"A questão essencial é cumprirmos a lei, sempre o fizemos, sempre o faremos, agimos sempre na defesa dos interesses legítimos da empresa. Sempre no sítio certo, no local certo, no momento certo", declarou António Mexia, quando questionado pela Lusa sobre a EDP ter imputado ilegalmente aos consumidores de eletricidade custos da tarifa social desde 2015, que deviam ter sido assumidos integralmente pela empresa.
O presidente executivo da EDP reafirmou ainda que "a questão da legislação em Portugal ou em qualquer outro país é a estabilidade das regras de jogo".
"O que se está a discutir tem que ser falado no sítio certo e no momento certo. A EDP fará sempre isso, como sempre fez. No sítio certo e no momento certo", acrescentou o gestor.
O Governo está convicto de que a EDP e a Endesa imputaram ilegalmente aos consumidores de eletricidade custos da tarifa social desde 2015, que deviam ser as próprias a assumir, uma vez que beneficiaram de um diploma que o permitia fazer.
O executivo socialista publicou em 24 de agosto passado um diploma, em Diário da República, que revoga um despacho assinado em 03 de outubro de 2015, véspera de eleições legislativas, pelo então secretário de Estado da Energia Artur Trindade (governo PSD-CDS/PP).
Agora, o atual secretário de Estado da Energia, Jorge Seguro Sanches, explicou a nulidade parcial do despacho por considerar que "contraria frontalmente as normas legais que determinam que os custos com as tarifas sociais [...] sejam suportados pelos produtores, proibindo a sua repercussão, direta ou indireta, nas tarifas de uso das redes de transporte, de distribuição ou de outros ativos regulados de energia elétrica".
O governante disse ainda que foi questionada a Entidade Reguladora dos Serviços Energéticos (ERSE) sobre o despacho de Artur Trindade - que quando saiu do governo de Passos Coelho regressou à ERSE como diretor-geral - e concluiu que "o regulador não contém qualquer justificação que permita afastar a ilegalidade detetada".
"Na verdade, a determinação por ato administrativo da repercussão nas tarifas de eletricidade dos custos suportados pelos produtores [...] constitui a criação de uma nova contribuição pecuniária para os consumidores", considerou Seguro Sanches, no diploma publicado em Diário da República.
Atualmente, a tarifa social da eletricidade - um desconto que as empresas são obrigadas a dar aos consumidores economicamente vulneráveis, suportando esse encargo -, beneficia cerca de 800 mil famílias, sendo a esmagadora maioria clientes da EDP, por ser a empresa líder do mercado elétrico.
No mesmo documento, o governante reafirma a intenção de declarar a nulidade do ponto do despacho de Artur Trindade relativo à tarifa social (ponto 12) e à CESE - Contribuição Especial sobre o Setor Energético (ponto 11) e solicita à ERSE que calcule os montantes indevidamente pagos pelos consumidores para serem devolvidos.
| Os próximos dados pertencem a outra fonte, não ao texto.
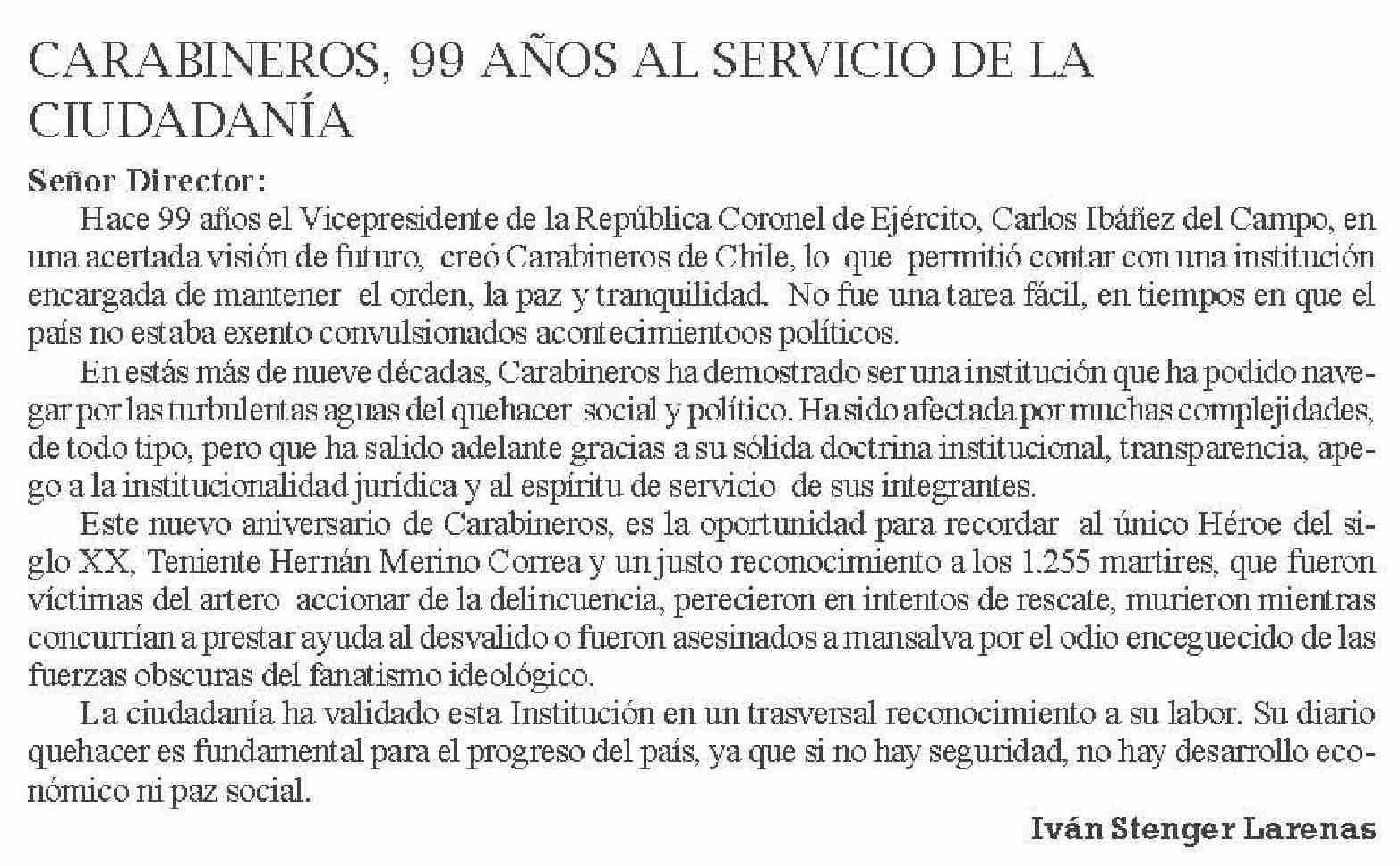 | Título: | Cartas: CARABINEROS, 99 AÑOS AL SERVICIO DE LA CIUDADANÍA |

A intenção do Governo é fazer refletir estes montantes nas tarifas da eletricidade do próximo ano, que serão propostas em meados de outubro, sendo que, de acordo com o jornal Público, está em causa um valor global de 100 milhões de euros.
Questionada recentemente pela Lusa sobre quem tem vindo a suportar a tarifa social, a ERSE, que regula o mercado energético, considerou "não ser oportuno pronunciar-se sobre a questão", porque "está a decorrer uma audiência prévia para os interessados se pronunciarem sobre o despacho do senhor secretário de Estado da Energia", isto é, os produtores (a EDP e a espanhola Endesa).
No relatório de contas do grupo liderado por António Mexia, relativo a 2016, lê-se que "este apoio social [tarifa social] permite um desconto superior a 30% na fatura de energia, que é suportado maioritariamente pela EDP".
O presidente da Endesa Portugal, que também é produtora de eletricidade em Portugal, garantiu que a empresa "em todos os aspetos cumpre a lei", sem comentar o diploma revogado, mas criticando o "caráter retroativo" do despacho de revogação.
"Num Estado de Direito, da União Europeia, não há nada que justifique o caráter retroativo", afirmou recentemente à Lusa Nuno Ribeiro da Silva, adiantando que a empresa foi notificada e está a elaborar a resposta ao Governo.
Já o antigo secretário de Estado da Energia Artur Trindade também não quis comentar o conteúdo do diploma nem as suas implicações, por estar a decorrer o prazo para as empresas se pronunciarem.
Artur Trindade é atualmente vice-presidente do OMIP, o polo português do mercado ibérico grossista de eletricidade.